# PROVIDED MATERIAL:
* * * * * * *

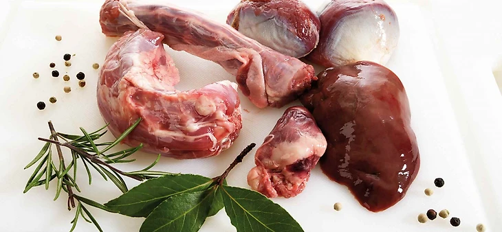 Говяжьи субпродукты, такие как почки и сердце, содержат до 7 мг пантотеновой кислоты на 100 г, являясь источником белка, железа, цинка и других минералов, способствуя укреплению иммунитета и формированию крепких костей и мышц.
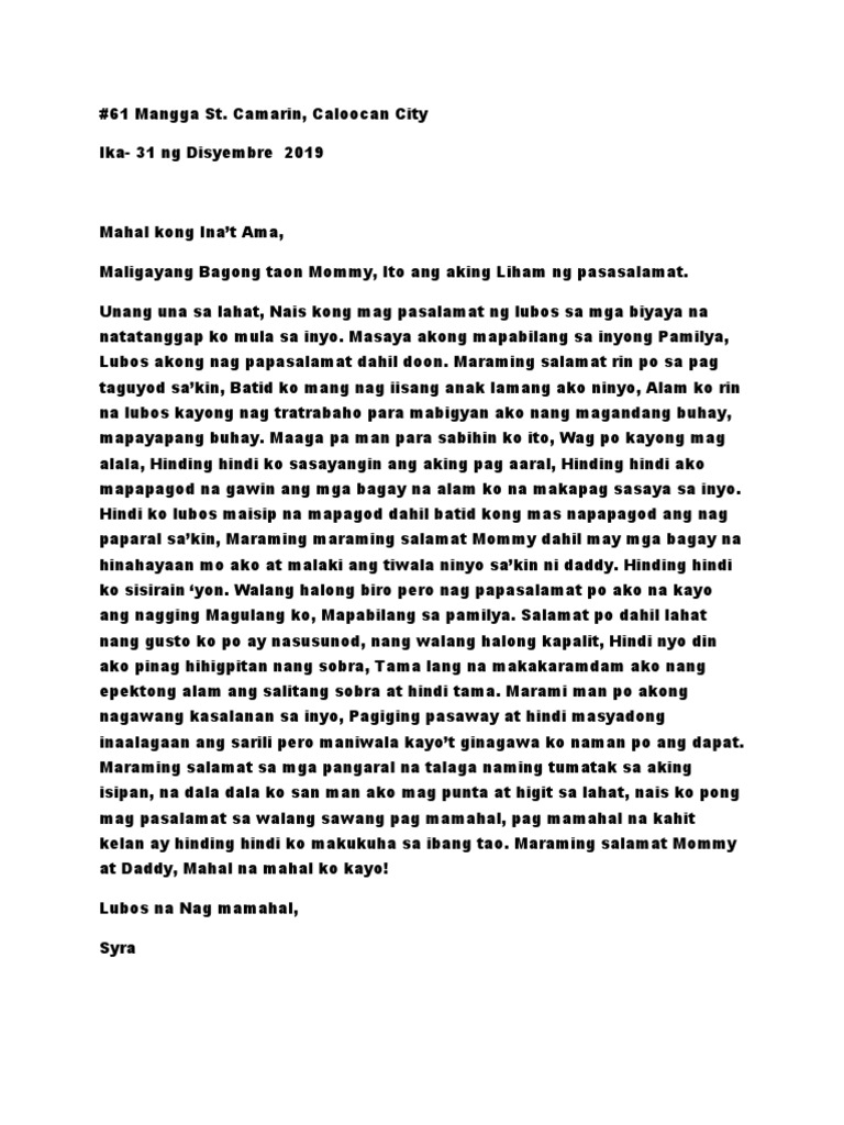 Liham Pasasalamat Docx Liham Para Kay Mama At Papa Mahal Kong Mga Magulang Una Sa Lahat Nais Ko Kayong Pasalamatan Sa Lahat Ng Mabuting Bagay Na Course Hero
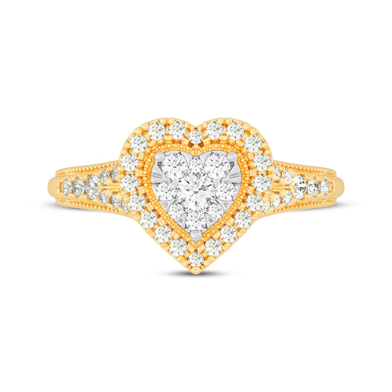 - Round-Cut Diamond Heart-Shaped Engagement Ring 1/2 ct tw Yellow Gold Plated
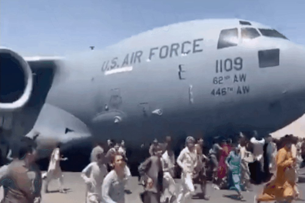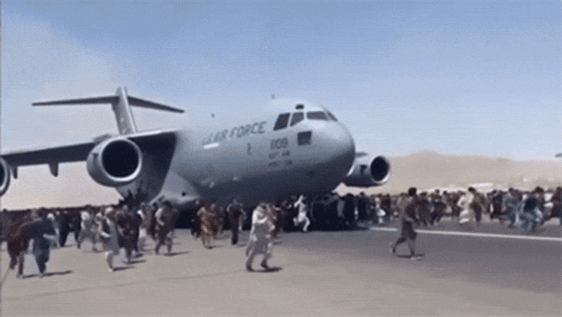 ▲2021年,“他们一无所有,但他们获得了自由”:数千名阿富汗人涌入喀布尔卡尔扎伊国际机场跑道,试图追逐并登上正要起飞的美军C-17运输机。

* * * * * * *

What you give back should be exactly the lines from the line holding "Liham Pasasalamat Docx" through the final line of the material, both ends included, and please leave out the pictures.

# TASK OUTPUT:
 Liham Pasasalamat Docx Liham Para Kay Mama At Papa Mahal Kong Mga Magulang Una Sa Lahat Nais Ko Kayong Pasalamatan Sa Lahat Ng Mabuting Bagay Na Course Hero
 - Round-Cut Diamond Heart-Shaped Engagement Ring 1/2 ct tw Yellow Gold Plated
 ▲2021年,“他们一无所有,但他们获得了自由”:数千名阿富汗人涌入喀布尔卡尔扎伊国际机场跑道,试图追逐并登上正要起飞的美军C-17运输机。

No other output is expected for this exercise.